With people from all over the world choosing Ireland as a place to live and work, we speak to those that have put down roots in the country. This time, we talk to Sabria Noshin, performance testing lead with Fidelity Investments.
Where are you from?
I’m from a small French village called Sainte-Julie, located halfway between Lyon in France and Geneva in Switzerland. There are less than 1,000 inhabitants – and that is even with the population having doubled in the last 10 to 15 years – so it has a primarily young profile. Most of the people work for Électricité de France, in the Plaine de l’Ain industrial park, or in Lyon.
Around the villages, fields cover the land. As children, we used to say there were at least five cows per inhabitant. From my parents’ house, we have a really nice view of the Alps. Growing up, my parents had to drive me everywhere as there were no amenities in the village. A bus would pick us up for comprehensive and high school located in the nearby towns.
It was nice growing up there, where you knew everyone in the village, and just had to take your bike to see your friends or go to the river in the summer.
How long have you been in Ireland?
I arrived in Ireland in May 2008, so over five and a half years ago.
Why did you move here?
My husband and I met studying in Finland. Towards the end of our studies, we were discussing coming to Ireland mainly because we speak English with each other. We weren’t inclined on going to the UK and Ireland was way more appealing, with people known to be extremely friendly, and the beautiful scenery and countryside were also attractive to us.
My husband came directly after university while I went back to work in France. After three years working in Paris, I found the right job in Ireland that matched my technical skills and I made the move.
What work do you do?
I am a performance testing lead at Fidelity Investments.

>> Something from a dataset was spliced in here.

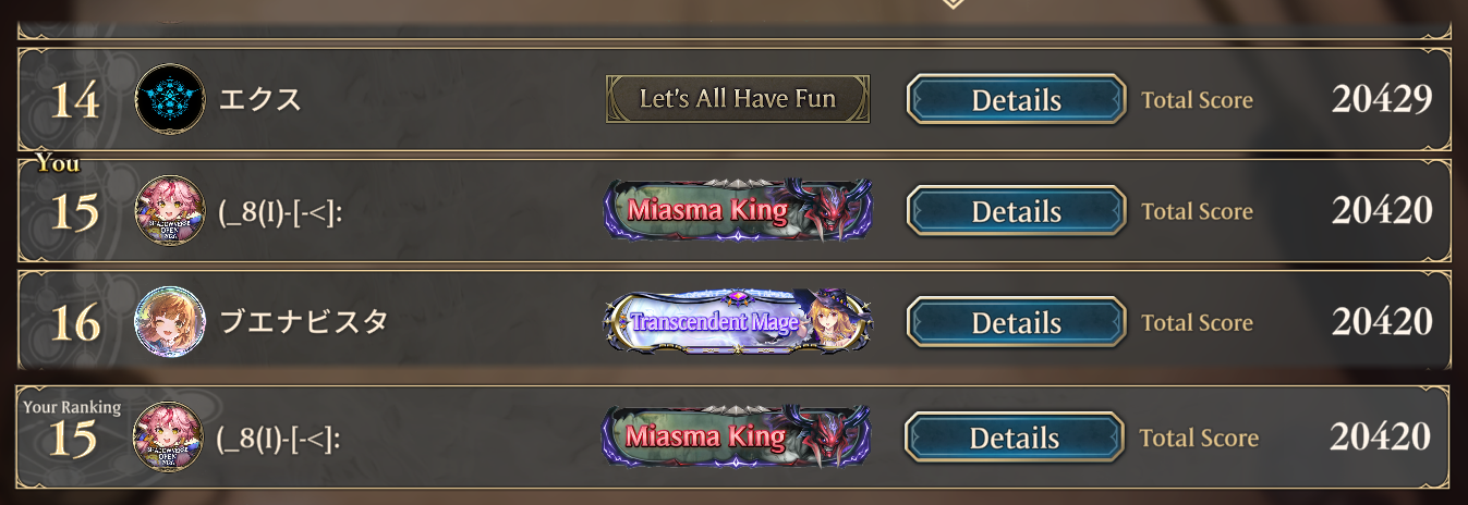 >>563398763i did 4k in the lobby while the tournament was on and won every game except those against crystal rune which i lost all but one ofi'm so fucked now that it has tournament results

I manage a team of four and we ensure that Fidelity Investments’ internal applications are performing as expected. This ensures that each employee’s experience is pleasant and they can do their job efficiently with a great user experience.
How would you describe your working environment?
Fidelity Investments is the best company to work for! Employees are respected by the upper management and everyone knows each other. Innovation is a big part of our culture and it is nice to have access to new technologies to play with and be creative with for our day-to-day work.
Fidelity provides a flexible work environment, great benefits, a great work-life balance (which is brilliant for family life) and a great social club. Fidelity also offers a multicultural environment with colleagues located in China, India and the US, which might be challenging at times but, overall, contributes to our collective and individual success. From Ireland’s perspective, we actually benefit from being the bridge between east and west.
What do you like most about your job?
I’ve been a performance tester for the last seven years. At Fidelity, I provide a service similar to a consultant supporting a wide range of projects across my group. That service-providing perspective is actually one of the aspects of my job I like the most. Each day is different; chatting with different people across the globe, testing different applications and technologies, and still doing the exact same job. It is challenging at times and very rewarding when performance issues are found and solved before going into production.
Was it difficult to adjust to living and working in Ireland?
Being European, I would say no. The way of thinking remains the same as on the continent. The food is the same and people are so lovely, helpful and welcoming. Driving on the ‘wrong’ side of the road and the various collections of accents took a bit more time to adapt to, but we were grand after a few months. And, in fairness, some Irish people did (and I’m sure still do!) slow down when talking with me.
What surprised you about moving to Ireland?
I thought, as everybody does, that it is always raining in Ireland. It is not! This is the only country where you’ll see the sun on a rainy day and often at the same time.
I also like the socialising taking place in pubs. Back in France, it happens at home – so that explains the large numbers of pubs in Ireland, and that’s great!
How does your working life help to make you feel at home here?
I’ve met great people at work. My manager is great and understands when I have some family needs and we find ways to make it work by either working during a different time zone and/or working from home.
What do you like most about your adopted home?
I love Dublin – the fact that you can walk from one end to the other. Of course, Grafton Street and Trinity College and its history. I love the fact that you can take your car for a weekend away without much planning and visit Galway, Cork, Kerry or even go up to Donegal. I really enjoy the scenery Ireland has to offer, even on the greyest rainy day. And, once more, the Irish people. The best of all!